Şunu ifade etti: Açıkça söyleyeyim, cesaretlerine hayran kaldık! Filistin halkını desteklemek için İsrail’in Filistin’deki soykırımını durdurmaya karar vermeleri. Bu karar onlar için hem maliyetli hem de cesurdur. Yemenliler bize seyrüsefer ve nakliye güvenliğine bağlı kaldıklarını söylüyor. Ancak Filistin halkını desteklemek için, her İsrail gemisini ve İsrail limanlarına giden her gemiyi durdurmaya karar verdiler.

Dışişleri bakanı şunları ekledi: Amerika ve İngiltere kötü bir karar verdi. Suudi Arabistan ve Yemen, 10 yıllık savaşın ardından nihai anlaşmaya yaklaşırken, farklı savaş cepheleri hâlâ açıkken, ABD ve İngiltere, Kızıldeniz ve Yemen’de yeni bir savaş cephesi açtı. Bu, Amerika ve İngiltere’nin gerilimin gelişmesi ve yayılması yönünde hareket etmesi anlamına geliyor. Yemenlilerin kaybedecek hiçbir şeyi yok. 10 yıl boyunca Suudi Arabistan tüm imkanlarıyla karşılarındaydı. İngiltere, Yemen’e karşı savaşta da çok yardımcı oldu. Bu nedenle savaşın çözüm olmadığını düşünüyoruz. Netanyahu soykırım yaparak, çocuk ve kadınları öldürerek Hamas’ı yok edemez ve tutuklularını serbest bırakamaz.

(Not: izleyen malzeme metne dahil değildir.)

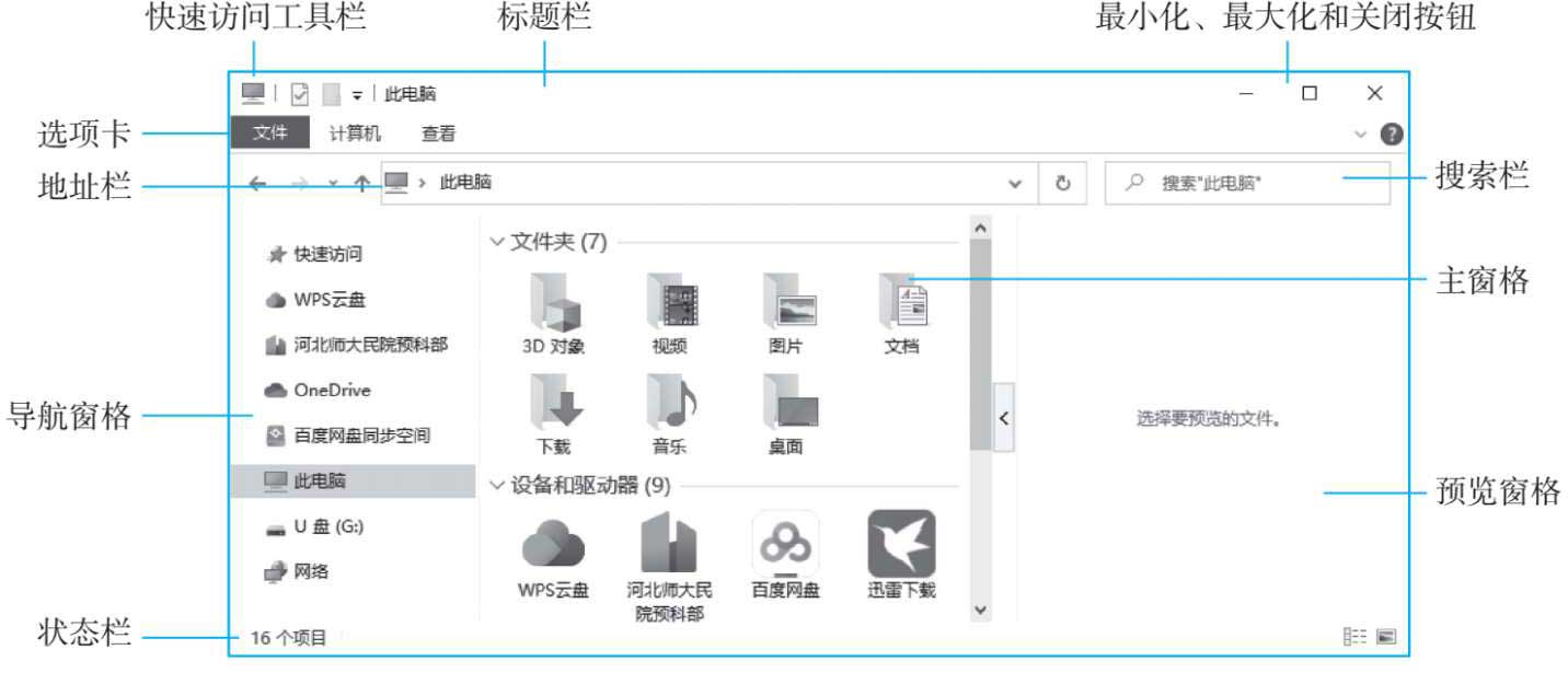 Windows 10 的窗口虽然内容各不相同,但具有很多共同点,通常都包括标题栏、选项卡、导航窗格、状态栏、最小化按钮、最大化/还原按钮和关闭按钮等。下面以图 4-11 所示的Windows 10 窗口为例来介绍窗口的主要组成部分。

Amir Abdullahian şunu kaydetti: Herkes savaşı durdurmaya çalışmalı. Gazze’de savaş biterse diğer cephelerde de savaş biter mi diyebilirsiniz. Son insani ateşkesten iki gün önce Lübnan’da Hizbullah Genel Sekreteri Seyyed Hasan Nasrallah ile bir görüşmem vardı. Onlara birkaç gün insani ateşkes sağlanması gerektiğini söyledim, ateşkes sağlanırsa Lübnan’ın Gazze’ye yönelik saldırıları devam edecek mi? “Hayır, Gazze’ye saldırılar durursa biz de durdururuz” dedi. Altı gün süren insani ateşkes boyunca Lübnan tarafından tek bir el ateş edilmedi. Dolayısıyla (tüm bu çatışmaların) kökü durdurulmalı ve tedavi edilmelidir.